The 88th regiment had been about three years in a warm climate. They likewise came from Bombay. This regiment crossed the great desert with the loss of only one man. They were very healthy at Ghenné, and continued so till their arrival at Rhoda. The 88th was the first regiment from the Indian army that arrived at Ghiza, where they found the 89th regiment, and the ophthalmic hospital of the English army. In the course of the first week after their arrival at Ghiza, the 88th regiment sent one fourth of their strength into the hospital; all of them cases of fever or ophthalmia. At El Hammed, in proportion to the strength of this corps, ophthalmia prevailed more in it, and the regiment suffered more from it, than any other corps, except the 10th regiment. It will be remembered, too, that it was in the 88th regiment that the plague first broke out; and this regiment had more cases and more deaths from it than any other European corps. Mr Tonrey and myself, who attended these first cases, were among the few medical men who were exposed to the contagion and came in contact with the patients, and yet escaped the disease. The 88th regiment became at last one of the most healthy corps in the army. From the 1st December, 1801, to the 1st May, 1802, they only lost two men; of these, one was from the plague, and the other from sudden death, cause unknown.

With the exception of the two Bombay corps, all the native Indians lost fewer men than the European corps.

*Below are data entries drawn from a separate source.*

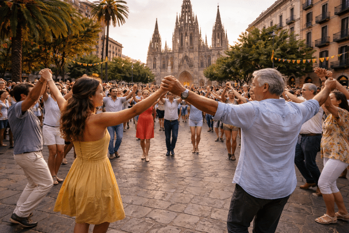 Во время прогулок по улицам или при посещении культурных заведений легко натолкнуться на каталонские танцы. Участвующие образуют круг, берут друг друга за руки, подымают их и начинают в размеренном темпе водить хоровод.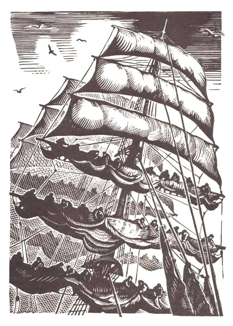 Курсанты и матросы разбежались по местам, и через три минуты льняные крылья судна поднялись вверх и красивыми складками неподвижно повисли под реями.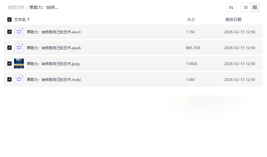 本资源的核心部分,提供了三种主流电子书格式,确保您可以在任何设备上无缝阅读。AZW3格式完美适配Kindle设备,带来最佳阅读体验;EPUB格式作为通用标准,兼容绝大多数手机、平板和阅读应用;MOBI格式则兼顾老款Kindle及其他阅读器。这种全格式覆盖解决了读者的设备兼容性问题,让获取知识与实践“果敢力”的门槛降到最低,真正做到随时随地开启自我成长之旅。 - 高清书籍封面图(JPEG)

After they marched from Kossier, and till the plague appeared in the two Bombay battalions, where it committed the greatest ravages, they were the two most healthy corps in the army.

The Bengal volunteer-battalion, composed of volunteers for the expedition to Egypt, from different regiments of Sepoys in Bengal, was a fine body of men, and they were mostly what are called old or made soldiers. They were in general very healthy, and during the campaign their loss was very inconsiderable. Though the plague at one time appeared in this corps, yet, by the system established throughout the army by this time, and by the active vigilance of the officers of the corps, the contagion was extinguished; and, though the plague prevailed in every other corps, it never subsequently visited this battalion.

The Artillery-Lascars were, on the whole, very healthy throughout the campaign. The few deaths which they had were from dysentery.